Sports News Ghana native gains footing in U.S. development program
APR 15, 2003 LISTEN

In a sense, it is unfortunate that Freddy Adu is being celebrated as the new superstar of American soccer. For just a few months ago, he wasn't American at all.

He was still Ghanaian, a son of the African country Ghana, that is so proud to be the first below the Sahara to shake off the shackles of European colonialism and declare its independence. Ghana is where Freddy should be starring on the international stage.

Instead, Freddy is the talk of the under-17 U.S. team that is participating this week in the Dallas Cup. He is 13.

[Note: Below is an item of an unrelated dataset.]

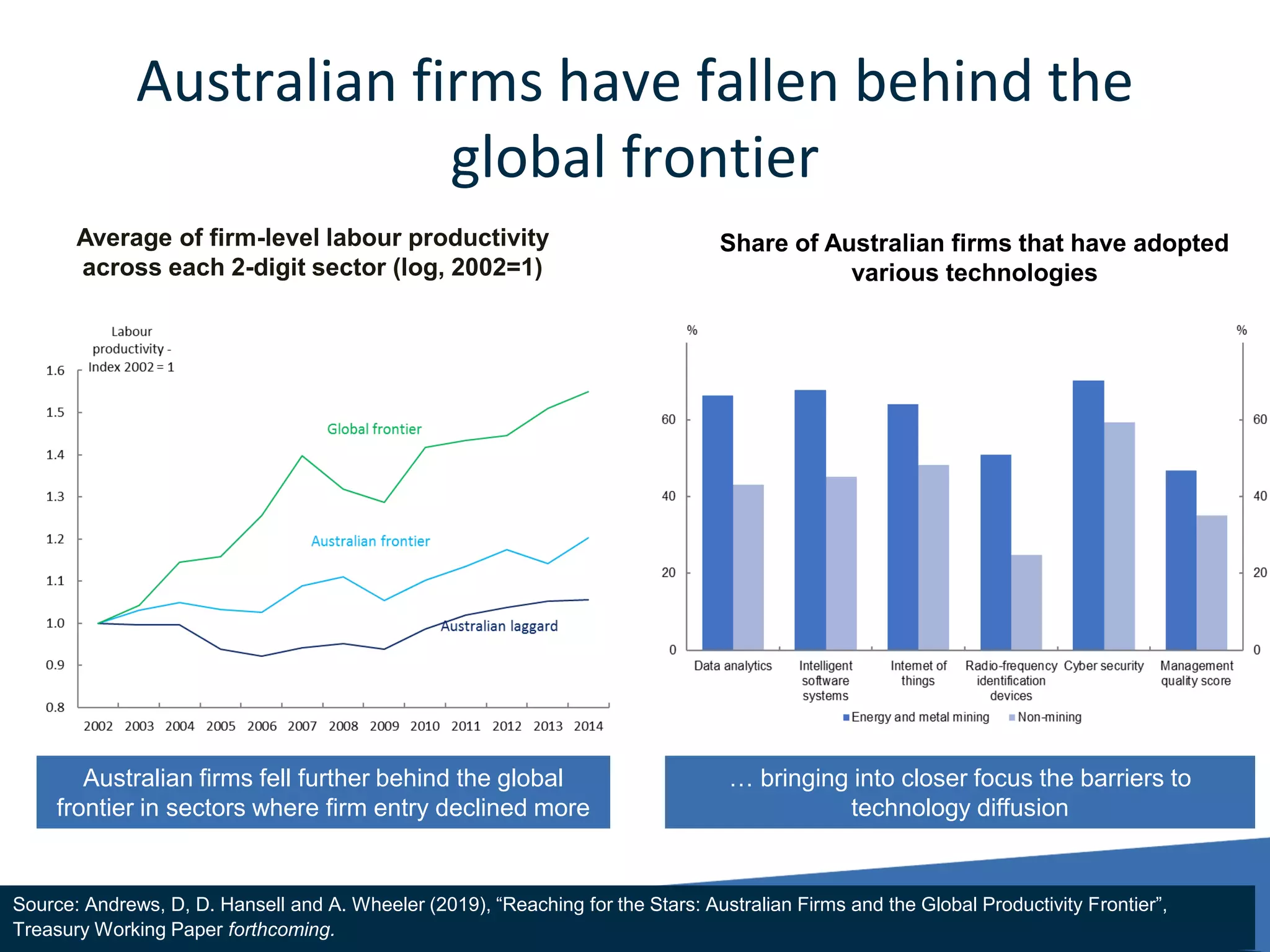 1) Australian firms have fallen behind global productivity frontiers in many industries as firm entry rates have declined, slowing technology diffusion. 2) Declining business dynamism, seen through lower firm entry rates, job switching rates, and excess job reallocation, has undermined productivity and wage growth in Australia. 3) Weaker firms are surviving longer in Australia as reallocation towards more productive firms has slowed, contributing to rising incumbency bias.

He is not exactly another Landon Donovan or DaMarcus Beasley or Eddie Johnson, U.S.-born-and-bred talents. He can't be American soccer's Pele, as some have suggested. Maybe he could be its Hakeem Olajuwon equivalent.

He is part American soccer present, part American soccer product.

Freddy is emblematic of one reason developing countries find footing in the World Cup so uncertain. As the popularity and economics of soccer have expanded, so too has the search for talent. It has pushed more and more scouts into Africa and South America looking for kids, adolescents even, to turn into players. Some even lose their right to play for their birth country's national team if they suit up for another country's national team beforehand.

The scouts offer more money than the talent they've identified can imagine. The scouts send the youngsters to farm clubs in places such as Belgium and France. If the kids don't pan out, and most of them don't, they wind up on the streets with nothing more than a bad memory. It happened to another Ghanaian prodigy, Nii Lampteh, about a decade ago. He flamed out in Europe after becoming an under-17 MVP.

Soccer's greatest ever, Brazil's Pele, calls the whole thing "the slave trade." Freddy very well may have been on that conveyor belt headed to who-knows-where if not for a little bit of luck that landed him in U.S. Soccer's developmental program. How lucky is U.S. Soccer for this, too?

Freddy's mother, Emelia, entered and won one of those occasional green-card lotteries the U.S. government holds in search for immigrants it might like. Freddy's mom said she tried her luck in order to get the best possible education for her two sons.

The Adus moved to the Washington D.C. suburb Potomac, Md., in 1997. Freddy was eight, the oldest boy by two years.

In his native Tema, Ghana, he'd only played around with a soccer ball in the street. In suburban Washington, soccer dads took note. By 10 or 11, he was in Europe with a club team, playing so spectacularly that he attracted those scouts, including one who offered a six-figure contract from an Italian club.

But Freddy's mom turned down that potential ticket to fortune. Instead, she opted for U.S. Soccer's development program based in Bradenton, Fla. Half the day is school; half the day is soccer. In a short time, it has produced not only good players such as Donovan, but soccer players with high school and college diplomas that won't fall flat on their faces if making a living at soccer doesn't work out. Freddy is in an accelerated program and is on pace to earn his high school diploma next May at age 14. He could also graduate to the MLS then, or chance the European leagues, becoming a 14-year-old pro. LeBron who?

Most everyone expects Freddy, whose birthday is June 2, 1989, to make the next U.S. World Cup team in 2006, being as young as Pele, 17, during Pele's World Cup debut. Freddy is that good.

He is so good that U.S. Soccer even helped his family gain U.S. citizenship.

"His mother was in queue the last year or so," U.S. Soccer spokesman Jim Moorhouse said. "So it was going to happen."

It came through a couple of months ago, just in time for Freddy to officially join the under-17 team as it enters world championship play.

"He's an anomaly," Moorhouse admitted of Freddy. "He does skew it [U.S. Soccer's success at developing players]. But he's in a program that has shown over the last 10 years that it works."

It works even if the kid doesn't wind up booting a soccer ball for a living. Europe's soccer keepers owe their talents of tomorrow just as much.